25.10.06

Anonymität in der Großstadt

Man stelle sich vor, man sitzt in der Berliner S-Bahn und fühlt sich genervt von Walter Benjamin-Diskussionen von zwei Tagungsteilnehmern, die zur öffentlichen Review der Veranstaltung schreiten. Vielleicht hätte der eine Herr, der zum Beispiel Goebel heissen könnte, vorher ein bisschen sein Namensschild beseitigen sollen, denn die Großstadt ist voll urbanem blogger-totalitarisme, die Privatisierung der Postmoderne ist schon zu weit fortgeschritten, als dass man sich noch leisten könnte, im öffentlichen Raum unbesorgt privat zu reden.

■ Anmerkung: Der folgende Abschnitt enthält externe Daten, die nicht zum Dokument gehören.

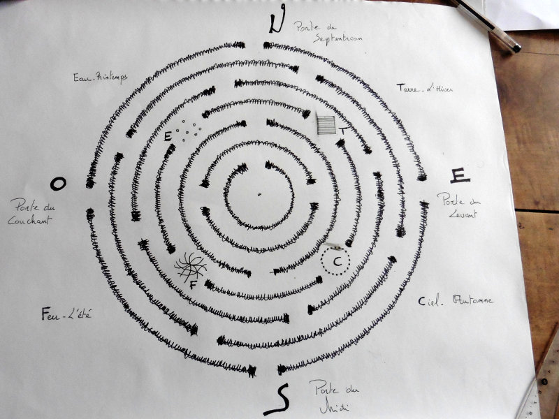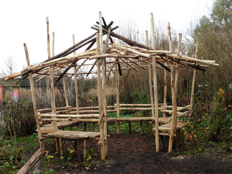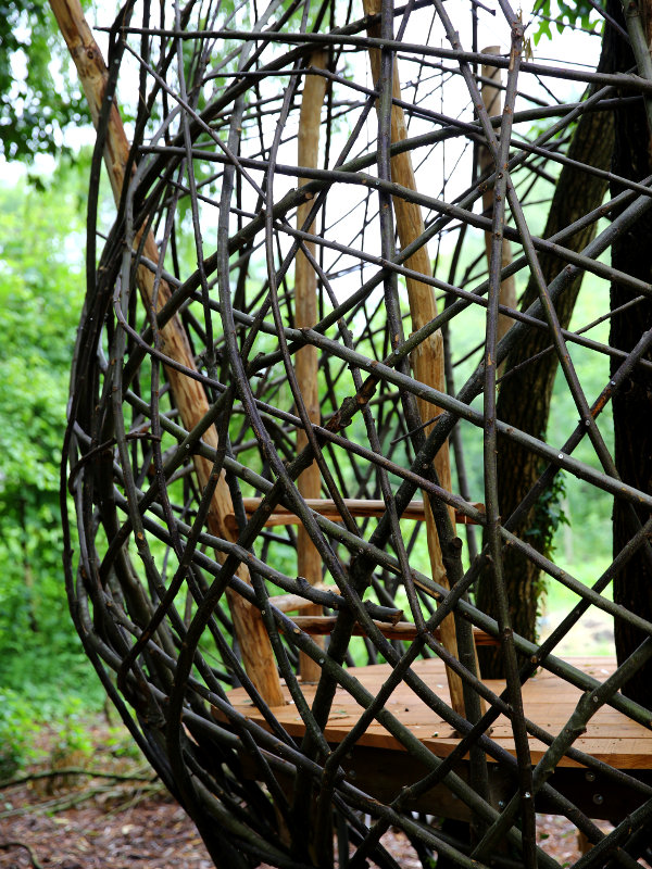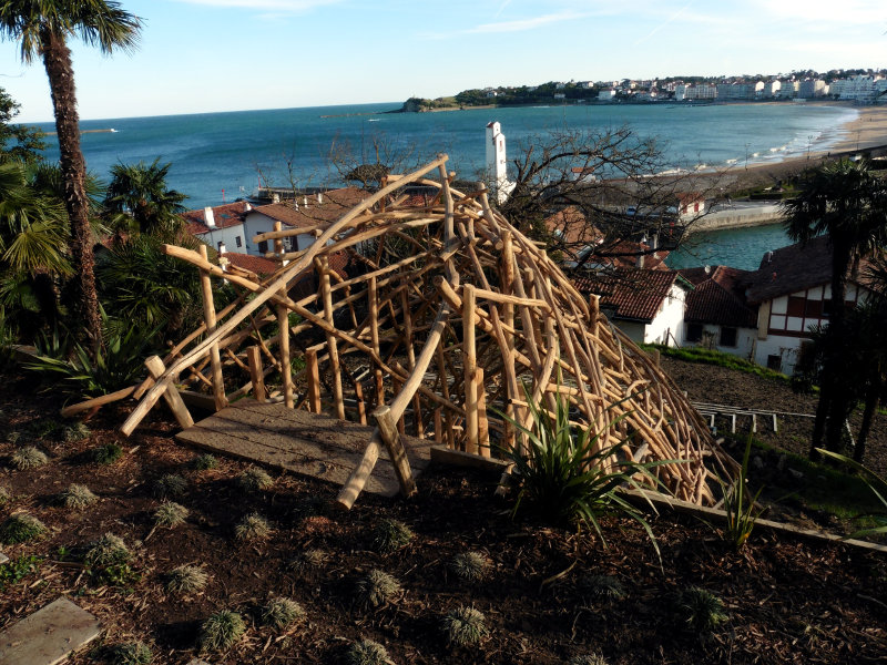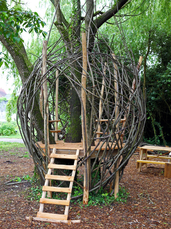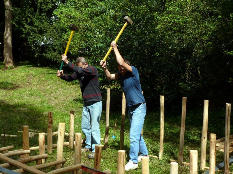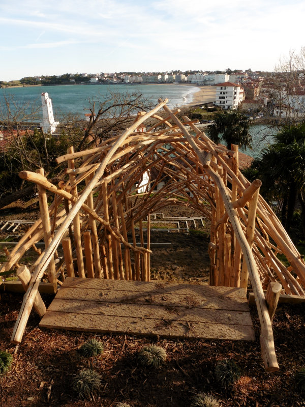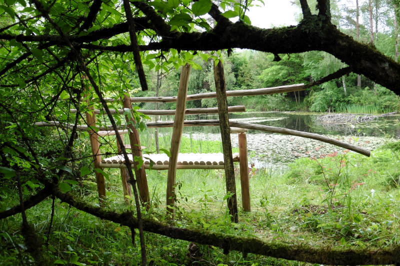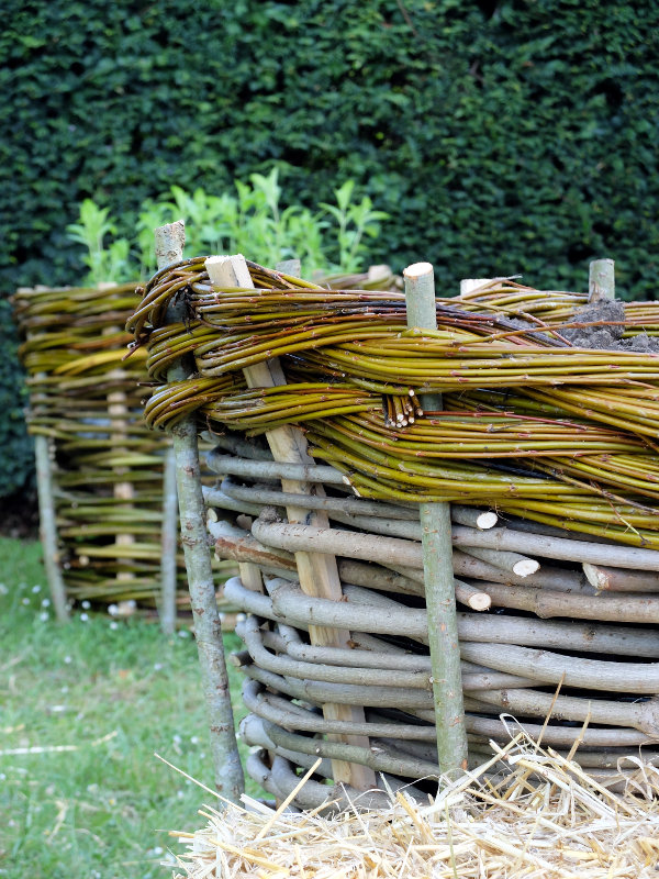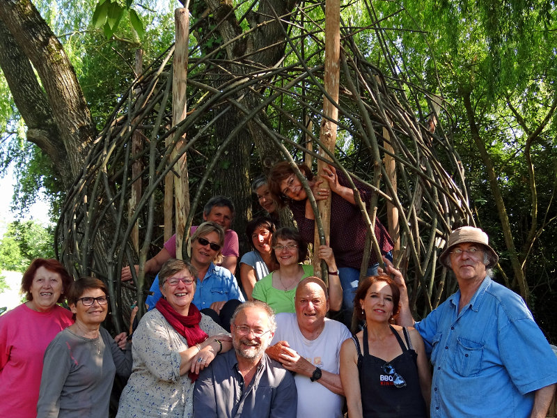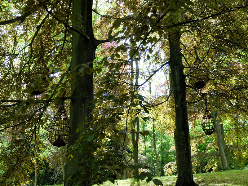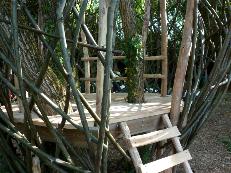 Tunnel tressé, tontines pour recevoir une collection de menthes, petites constructions en osier de protection d’enceintes sur un bassin, plateforme de découverte d’une perspective, bulles tressée suspendues à de grands hêtres symbolisant la sève et plateaux parfaitement à l’horizontale permettant au public d’apprécier la verticalité des grands troncs de hêtres ont été construits avec les personnes en formation, stagiaires et autres gourmands de gestes.

Privatsphäre ist heute ein besonderes Problem. Jemand sagte mir, man ziehe in die Großstadt um nicht ständig von Leuten umgeben zu sein, die einen kennen und beobachten. Wenn also der Drang in die Städte mit dem Wunsch nach Privatsphäre korrespondiert, dann frage ich mich, wie sich in Zukunft die Gewichte weiter verschieben werden durch Technologie. Man denke nur an Digitalfotos, einer lädt seine Bilder hoch und jeder könnte sehen, wer alles bei einer Veranstaltung war. Was heisst da Bild-Privatrazzis, das haben wir doch schon.

Auf dem Weltgipfel in Genf begrüßte das der BBC-Moderator Gowing noch begeistert, gerade im Zusammenhang 'Kriegsberichterstattung' gäbe es ganz neue Möglichkeiten durch diese - in 70er Terminologie - Demokratisierung der Medien. Jeder mit Digitalkamera ist aber auch einer, der Dir ggf. die Privatsphäre einschränkt. Bild-Mann Kai Diekmann soll das nun durch eine Aktion von Bildblog am eigenen Leib spüren. Ich glaube Bildblog hat die aktiveren Leser als sein Butter-und-Brötchen Blatt. Im übrigen finde ich die journalistische Aufregung über die Bild-Fotoaktion, gegen die Bilbblog mit dem Diekmann-Schnappschiessen kontert, übertrieben. Denn da sind wir schon lange daran vorbei gezogen, die Bild hat begrenzten Seitenvorrat für Schnappschüsse, von denen eine Woche später keiner mehr was weiss. Online dagegen liegen keine echten Einschränkungen vor und fast nichts geht verloren. Mal gucken, ob in 100 Jahren, die Urenkel ihren Uropa auf dem Gang zur Arbeit im Überwachungskameraarchiv beobachten können, ich meine: werden.

Das Album mit meinen Urgrosseltern und lauter Leuten in seltsamen Uniformen vor 1920, bei denen ich keine Ahnung habe, ob ich mit denen verwandt bin, sind dagegen Zeichen des Wissensverfalls. Vergessen hat auch seine Vorteile, nicht wahr. Im Zweifel wünschen wir uns aber doch alles zu wissen.